SoylentNews is people
SoylentNews
Arstechnica reports
In July of 2017, the nonprofit certificate authority Let's Encrypt promised to deliver something that would put secure websites and Web applications within reach of any Internet user: free "wildcard" certificates to enable secure HTTP connections for entire domains. Today, Let's Encrypt took that promised service live, in addition to a new version of the Automated Certificate Management Environment (ACME) protocol, an interface that can be used by a variety of client software packages to automate verification of certificate requests.

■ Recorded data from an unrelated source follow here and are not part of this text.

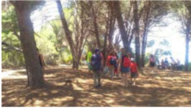
Τα μέλη του Συλλόγου Προστασίας και Ανάδειξης του Βίδο «Οι Φίλοι του Βίδο» σε πρόσφατη επίσκεψή τους στην νησίδα.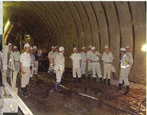
熱心に聞く水利事業所の方々

*工事現場の案内も受け付けております。希望する方はお気軽に下記まで電話でお申し込み下さい。(出来るだけまとまった人数でお願いします。)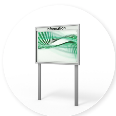
Optional: freistehende Variante auf Standbeinen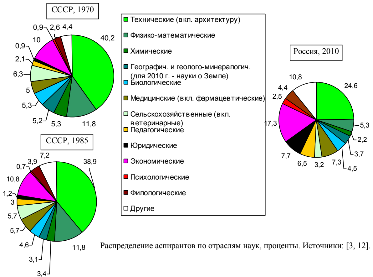
Распределение аспирантов по отраслям наук, проценты. Источники: [3, 12].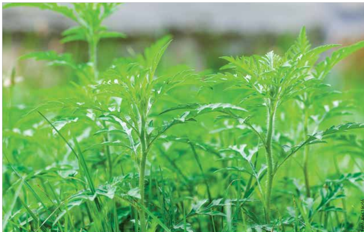
A statisztikai adatok szerint a legtöbben a parlagfű virágpórára érzékenyek

Fontos odafigyelni arra is, hogy a pollenallergia más érzékenységgel is társulhat, és így keresztallergia alakulhat ki. Ez azt jelenti, hogy valamilyen friss zöldség vagy gyümölcs elfogyasztása túlérzékenységi reakciót vált ki olyan embereknél, akik valamilyen növényi pollenre allergiások. A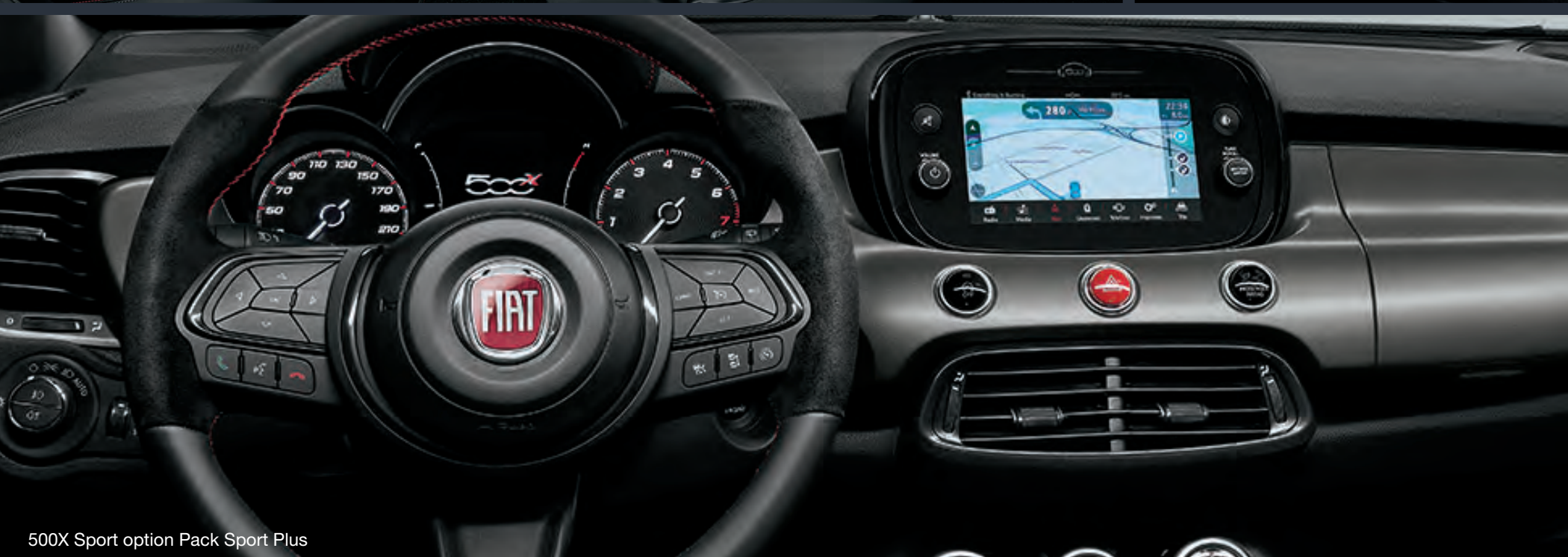
500X Sport option Pack Sport Plus

[....]Many hosting providers already support the registration of Let's Encrypt certificates to varying degrees. But Let's Encrypt's free certificate offering hasn't been snapped up by some larger hosting providers—such as GoDaddy—who also sell SSL certificates to their customers.
(Score: 2) by Whoever on Wednesday March 14 2018, @03:28PM (3 children)
Weekly?
It isn't too difficult to write a script that looks at the expiry date and renews the certs when they are about to expire. Alternatively, monthly is fine.
(Score: 2) by lentilla on Wednesday March 14 2018, @04:44PM
It's not that it's too difficult to write a script, it's just that it's so very easy to get wrong.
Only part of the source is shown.